On peut définir la sélection fréquence-dépendante négative de la façon suivante : plus un allèle est répandu dans une population, plus la fitness associée à ce phénotype diminue.
Cette sélection s'applique aussi bien sur des critères morphologiques comme la couleur du corps, mais également sur le comportement. Des études menées sur des Drosophiles par Mark J. Fitzpatrick et al. (Maintaining a behaviour polymorphism by frequency-dependent selection on a single gene[1]) ont permis de mettre en évidence une sélection fréquence-dépendante négative sur le comportement des larves de drosophile lorsque le milieu est pauvre en nourriture. Des drosophiles avec un comportement "rare" par rapport aux autres avaient une meilleure survie jusqu'au stade adulte. Cette différence n'était pas observable dans des milieux riches en nourriture.
Cette étude a aussi mis en exergue le fait que la sélection fréquence-dépendante négative peut agir sur un seul gène, et qu'elle est parfois dépendante des conditions environnementales.
Le cas extrême des guppies
D'après l'étude menée par Robert Olendorf, F.Helen Rodd, David Punzalan, Anne E. Houde, Carla Hunt, David N.Reznick et Kimberly A.Hughes (Frequency-dependant survival in natural guppy populations[2]), l'un des rares cas observables facilement de sélection fréquence-dépendante négative est le cas des guppies Poecilia reticulata. Chez ces organismes, on peut remarquer un polymorphisme jugé "extrême" en ce qui concerne la coloration des mâles. Les caractéristiques de cette coloration (intensité, répartition, teinte, etc.) sont fortement héritables. De fait, cette coloration est soumise à la sélection naturelle. Les femelles guppies préfèrent les mâles les plus colorés, ce qui tend à appliquer une pression de sélection directionnelle, c'est-à-dire que la population devrait tendre vers un phénotype unique optimal : ce n'est pas le cas dans les populations observées, où les colorations sont extrêmement diversifiées. Pour comprendre le mécanisme responsable du maintien de ce polymorphisme, les chercheurs ont effectué des expériences de capture-marquage-recapture sur différentes populations de guppies en présence de leurs prédateurs naturels Crenicichla alta et Rivulus hartii, en modifiant uniquement la fréquence de deux phénotypes : Coloré et Non coloré afin qu'un des deux phénotypes soit majoritaire avec un ratio de 3 pour 1.

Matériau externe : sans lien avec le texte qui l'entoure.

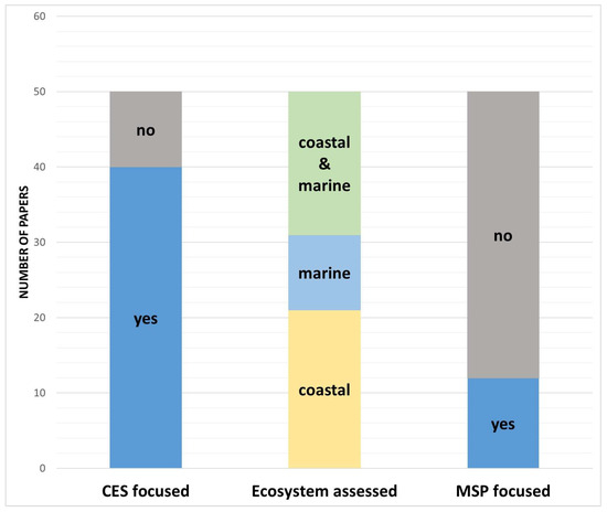Only 24% of the papers explicitly focused on MSP [24,44,70,71], concerning specific MSP-related fields like “incorporation of socio-cultural values and CES in MSP”, “recreation opportunities”, “tourism”, “marine biodiversity” “MPAs management”, “preservation of marine ES”, etc.

L'expérimentation a duré 4 ans et concernait trois populations situés dans des zones géographiques différentes de Trinidad-et-Tobago : deux populations isolées issues de la rivière Quare (Quare River), une autre de la rivière Mausica (Mausica River). La compétition entre les guppies a été négligée dans l'expérience, assumant que la mortalité des poissons ne soit due qu'à la prédation. Pour modifier la fréquence des phénotypes, seuls les mâles ont été prélevés et répartis dans les différentes populations pour avoir le ratio escompté. Ils ont également fait l'objet d'un marquage spécifique pour pouvoir reconnaître chaque mâle et identifier les éventuelles migrations.
À la fin de l'expérience, les chercheurs ont constaté que la quasi-totalité des mâles avec un phénotype « rare » étaient recapturés, supposant donc leur survie comme étant maximale. À l'inverse, le taux de recapture des mâles « communs » avec le phénotype majoritaire était bien plus faible : la conclusion est que les mâles avec un phénotype "rare" avaient une meilleure survie (voir Figure 1 de l'étude d'Olendorf et al.[2]).
À la suite de cette expérience et des tests complémentaires effectués par rapport à la forme des queues de poissons, des éventuelles migrations entre les « pools » de mesure et autres, les chercheurs ont conclu que le polymorphisme des guppies était bien maintenu par le biais de la sélection fréquence-dépendante négative sur la coloration. En effet, les mâles présentant une coloration rare avaient une meilleure survie face aux prédateurs. Cela s'explique par le fait que les prédateurs, habitués à chasser un phénotype majoritaire, avaient plus de facilités à détecter ledit phénotype en ayant donc plus de difficultés à repérer les autres colorations. De plus, les femelles des populations étudiées avaient une préférence pour les mâles arborant des colorations rares, sans doute en lien avec la « sécurité » qu'offre ce type de mâles vis-à-vis de la prédation.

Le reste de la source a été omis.